Crawling

May 28, 2023
Glossary - Technical SEO

No Comments

AI Summary

Crawling is how search engines discover and download your pages, following links and sitemaps with automated bots. It is the first step before indexing, and being crawled is not the same as being indexed or ranked.

Bots discover URLs through links and XML sitemaps, then fetch the HTML.
Being crawled does not guarantee that a page will be indexed or ranked.
Crawl budget matters most on very large or slow sites, not small ones.
Robots.txt controls crawling, while noindex controls indexing, and they differ.

Diagram of how search engine crawling discovers and fetches pages before indexing on seoprocheck. Com — The crawl pipeline and where it stops.

Crawling is how a search engine's bot discovers and downloads pages: it takes a URL from its queue, fetches it, parses the HTML, extracts every link, and adds the new URLs back into the queue. If a page never gets crawled, it does not exist as far as search is concerned, no snippet, no ranking, no traffic, and every downstream stage (rendering, indexing, ranking) starves with it.

The stakes are blunt. I have watched a retailer lose a product launch week because a firewall rule started serving Googlebot 403s on Tuesday and nobody noticed until Friday. The pages were fine in a browser. Crawlers are not browsers, and the gap between the two is where crawl problems hide.

What a crawl actually looks like

A fetch is just an HTTP request with a bot's user-agent. You can impersonate one from your terminal and see roughly what the crawler sees at the network level:

curl -I -A "Mozilla/5.0 (compatible; Googlebot/2.1; +http://www.google.com/bot.html)" 
  https://www.example.com/products/widget-4000/

HTTP/2 200
content-type: text/html; charset=UTF-8
cache-control: max-age=300
x-robots-tag: index, follow

Three things decide whether that request happens and what comes of it: the URL has to be discoverable (linked internally, listed in a sitemap, or linked from another site), it has to be permitted (not disallowed in robots.txt), and the server has to answer with something useful. A 200 gets parsed. A 301 sends the bot elsewhere. A 5xx tells Google your server is struggling, and repeated 5xx responses make it slow down its request rate for the whole host.

Your server logs are the ground truth. This one-liner shows what Googlebot fetched today on an nginx box:

grep "Googlebot" /var/log/nginx/access.log | awk '{print $9, $7}' | sort | uniq -c | sort -rn | head -20

Run it once and you will usually be surprised: bots spend a shocking share of their requests on parameter junk, old redirects (see the redirect chain study for how much that costs), and URLs you forgot existed.

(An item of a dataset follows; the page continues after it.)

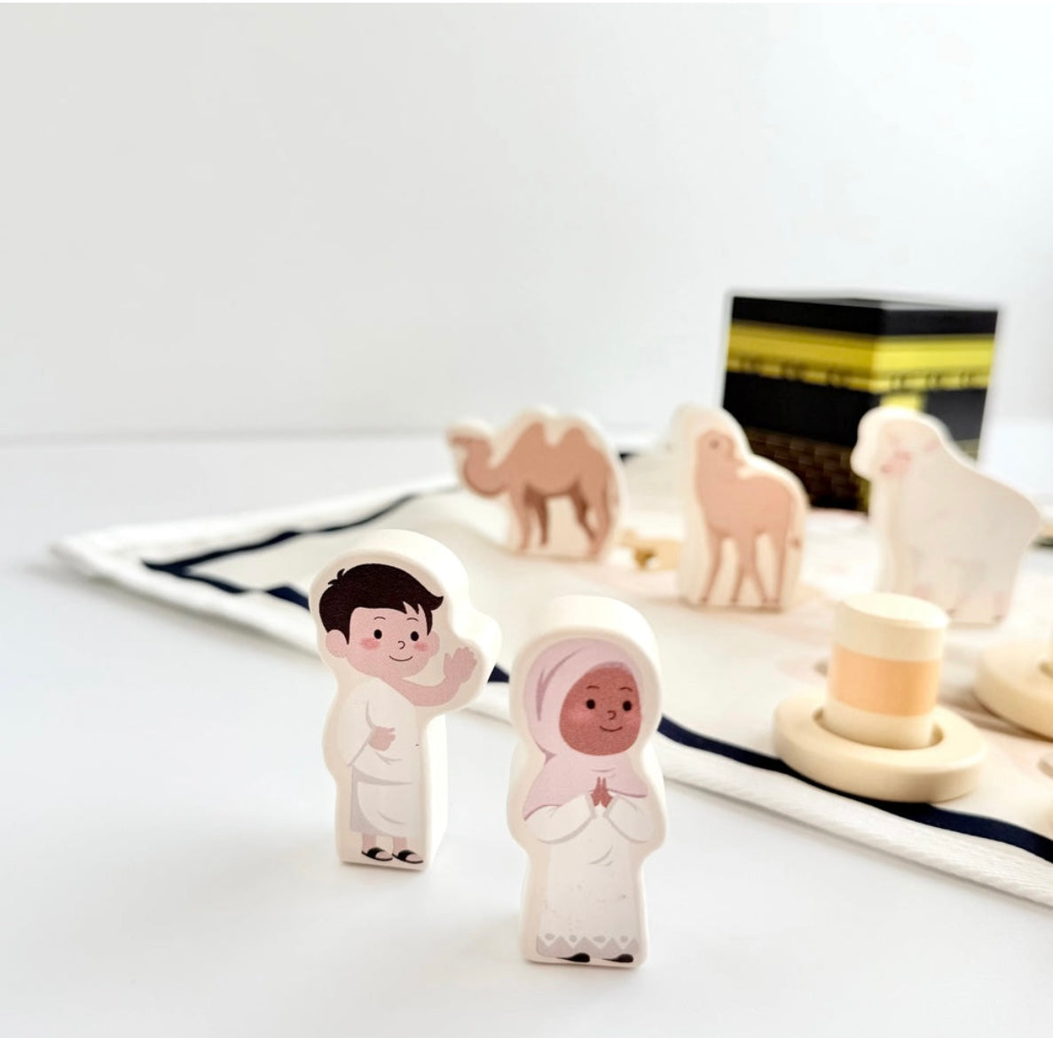 Erlebe mit deinem Kind den Hajj auf spielerische Weise! Dieses Set enthält 17 Holzblöcke, die die wichtigsten Stationen der Pilgerreise zeigen, und einen weichen Baumwollteppich, der die Route abbildet. Perfekt, um Wissen über den Hajj ganz natürlich und kindgerecht zu entdecken.

Not every bot crawls the same way

In 2026 your log files contain a zoo. The bots differ on the two dimensions that matter operationally: whether they execute JavaScript, and how you verify the traffic is genuine rather than a scraper wearing a costume.

Crawler	Operator / purpose	Executes JavaScript?	Obeys robots.txt	How to verify it's real
Googlebot	Google, web search	Yes, evergreen Chromium (deferred render queue)	Yes	Reverse DNS resolves to googlebot.com / google.com
Bingbot	Microsoft, Bing search + Copilot grounding	Yes, evergreen Edge/Chromium	Yes	Reverse DNS to search.msn.com; Bing Webmaster verify tool
GPTBot	OpenAI, training data collection	No, raw HTML fetch only	Yes (documented)	Published IP ranges (JSON list on openai.com)
ClaudeBot	Anthropic, model training crawl	No, raw HTML fetch only	Yes (documented)	User-agent + Anthropic's published guidance
PerplexityBot	Perplexity, answer-engine index	No	Claimed; verify in your own logs	Published IP ranges

The JavaScript column is the one that bites. If your product specs only appear after client-side rendering, Google eventually sees them but the AI training and answer bots never do. The JavaScript SEO FAQ covers that whole can of worms.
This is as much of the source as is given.